═══ INFORMATION

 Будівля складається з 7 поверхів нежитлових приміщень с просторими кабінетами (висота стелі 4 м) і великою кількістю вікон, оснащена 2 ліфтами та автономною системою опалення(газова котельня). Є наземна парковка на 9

══════
═══ INFORMATION

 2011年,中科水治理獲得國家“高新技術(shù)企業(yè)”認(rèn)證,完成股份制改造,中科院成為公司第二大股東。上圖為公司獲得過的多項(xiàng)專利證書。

══════
═══ INFORMATION

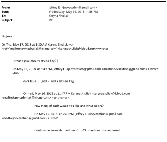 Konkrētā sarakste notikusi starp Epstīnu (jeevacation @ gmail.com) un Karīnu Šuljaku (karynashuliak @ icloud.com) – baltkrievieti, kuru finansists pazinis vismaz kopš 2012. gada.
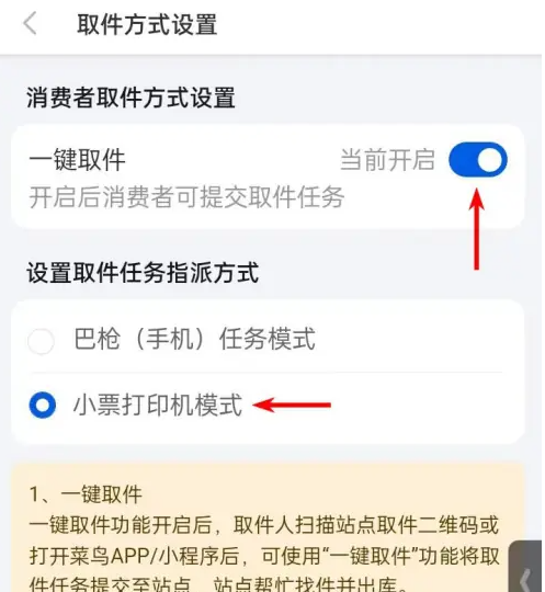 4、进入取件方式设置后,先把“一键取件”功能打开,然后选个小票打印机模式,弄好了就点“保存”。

══════

PROBLEM:
Using the data above, print only the lines starting at the one with "Konkrētā sarakste notikusi" and ending at the one with "4、进入取件方式设置后,先把", exactly as they stand, minus the pictures.

TASK SOLUTION:
 Konkrētā sarakste notikusi starp Epstīnu (jeevacation @ gmail.com) un Karīnu Šuljaku (karynashuliak @ icloud.com) – baltkrievieti, kuru finansists pazinis vismaz kopš 2012. gada.
 4、进入取件方式设置后,先把“一键取件”功能打开,然后选个小票打印机模式,弄好了就点“保存”。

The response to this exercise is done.